Information gleaned from the conference could lead to a formal solicitation for what IARPA anticipates will be a two-phase program, with each phase divided into two focus areas.
The first phase would include the development of platform tools and technologies that could “detect signatures that a biological system has been engineered.” A fictional example of a less-nuanced version of such a technology appears in James Cameron’s “Aliens” movie, whereby humans use a robotically controlled laser scanner to search for hostile life in close proximity.
Under FELIX, a device might attempt to detect specific enhancements to biological organisms, such as cell frequency or improvements in speed.

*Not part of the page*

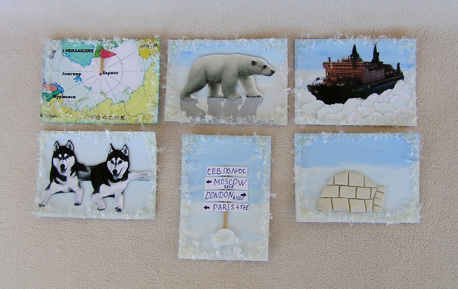 Вот так. А теперь фото работ. Со мной участвовали две девочки, одна с украшениями из бисера, вторая с бижутерией из пластики и открытками.

FELIX’s first phase would also aim to create new methods or capabilities for modeling and analysis of engineering-linked indicators. IARPA concludes any rapid methodology for identifying whether organisms are genetically modified would require the analysis of “large, complex data sets.”
Phase 2 of FELIX would essentially be the optimization of the platform tools and analytic capabilities derived from phase 1.

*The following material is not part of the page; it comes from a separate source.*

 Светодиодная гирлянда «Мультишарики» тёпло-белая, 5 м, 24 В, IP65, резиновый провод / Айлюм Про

“This includes both detection of increasingly sophisticated changes and an improved ability to detect a small number of engineered changes within a complex background,” the IARPA announcement states. “The end result of the program will be a suite of tools that enable improved detection of a variety of engineered changes across a range of engineered organisms and sample types.”
Should a solicitation arise, IARPA expects multidisciplinary teams to put forth the most viable ideas. Members may include experts in virology, synthetic and molecular biology, genomics, bioinformatics, computer science and statistical analysis and others, with participation encouraged from academic institutions and industry alike.
Those interested in the conference must register by July 20.